Hi, Mr. Graham, is Virginia home?

There would be jokes about her name.
Let’s take the virgin outta
you
, girl.

He’d buy a gun and mount it on the wall just to give the little pricks something to think about.

“Tim used it at his friend’s house once, and his friend said his house was haunted after for like a week.”

“Oh yeah?” Lucas gave her a skeptical look.

“You don’t believe that can happen?” she asked. Lucas raised his shoulders and let them fall in an easy shrug. “What about if you do the Bloody Mary thing?” He shook his head, not remembering the Bloody Mary thing. “Come
on
, Dad, you have to know what that is. You go into the bathroom and turn off the lights, look in the mirror, and chant her name three times?”

“And what’s supposed to happen? She shows up?”

“Yeah, and kills you,” she said matter-of-factly. “She used to drown kids in rivers or something.”

“Who said this?”

She gave him a flabbergasted look.

“I’m just asking,” he told her. “It sounds like a horror movie. Did you look up where the story came from?”

She blinked at him, and for a second Lucas was sure she was going to insist that he was an idiot. Of course she had looked it up. But rather than telling him he was totally dumb and out of the loop, she wandered back to the shelf where she had left a big empty space without replying.

“Have you talked to Tim recently?” he asked offhandedly. “Or Heidi?”

Jeanie didn’t reply.

“Is that a no?”

“What does it matter?” she asked. “They’re, like, a million miles away. Not like they ever text
me
 . . .”

Lucas frowned. He really did need to take her into town; otherwise the both of them were liable to go nuts in that house. “Did you find anything you wanted?” he asked. She shook her head that she hadn’t. “You can find it all online, huh?” He gave her a faint smile.

“Duh,” she said.

“Okay, let’s jet then,” he said. “We need to pick up the car.”

“Fine, whatever,” she said. “But I’m not staying there, right?”

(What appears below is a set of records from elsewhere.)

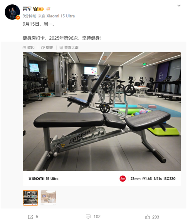 快科技9月15日消息,今天一早,雷军通过社交平台分享了自己的健身动态。
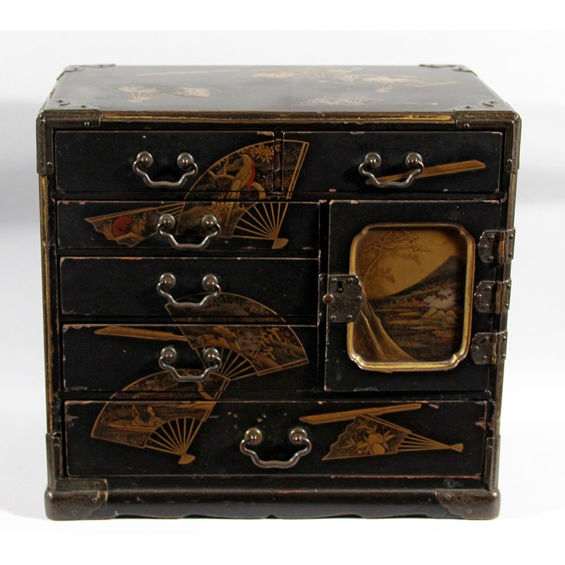 late 19th century, with an arrangement of six drawers and a cupboard enclosing two further drawers, in black lacquer with gilt fan decoration and metal mounted corners, the cupboard decorated with a fine view of Mount Fuji, height 17cm, width 19cm, depth 12cm
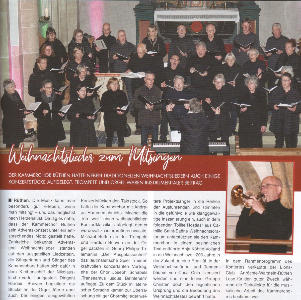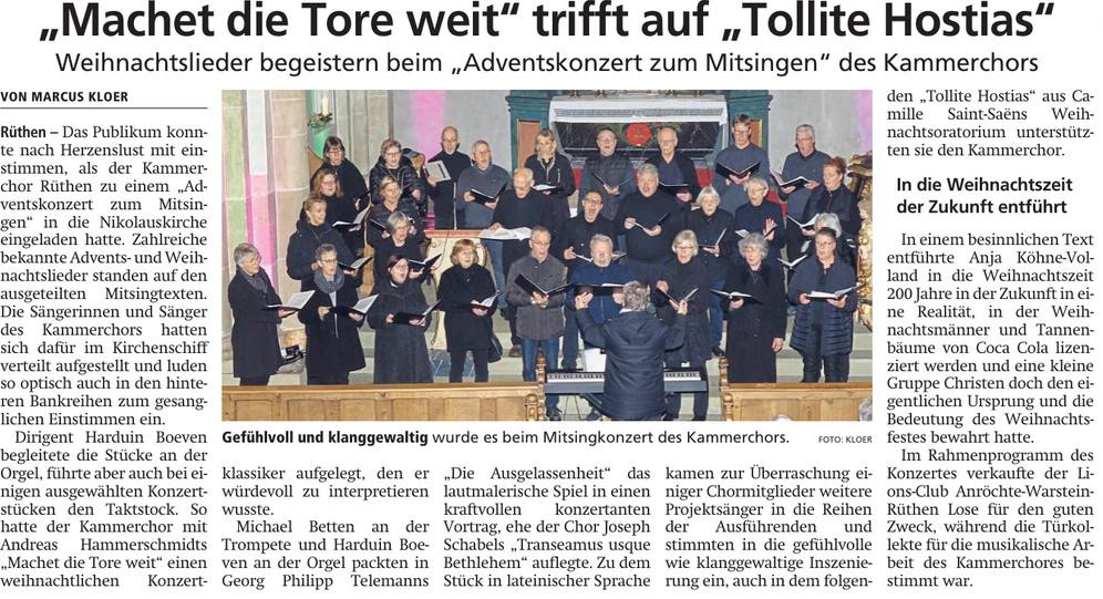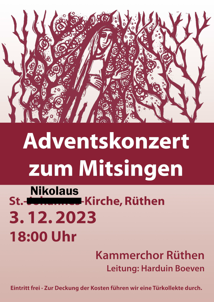 Am Sonntag, dem 3. Dezember 2023 (1. Advent) veranstaltet der Kammerchor ein Adventskonzert zum Mitsingen. Neben dem gemeinsamen, orgelbegleiteten Singen beliebter Adventslieder wird der Kammerchor auch einige konzertante Stücke aus dem weihnachtlichen Repertoire zu Gehör bringen. Die Veranstaltung beginnt um 18:00 Uhr in der Rüthener Nikolauskirche. Der Eintritt ist frei.

“Right.” Hopeful that their getaway had gotten him back into her good graces, he draped his arm around her shoulder as they left the paranormal section. “So what’s up with Heidi, anyway?” It didn’t sound like a long-distance friendship was working out for the girls. It was something to talk about, possibly something he could give his kid advice on. He and Mark had maintained a cross-country friendship for nearly twenty years. But Jeanie ducked out from beneath his arm.

“Nothing,” she murmured. “Like
you
care.”

She left him trailing her, the ghost and apparitions she had been researching left to scratch at his back.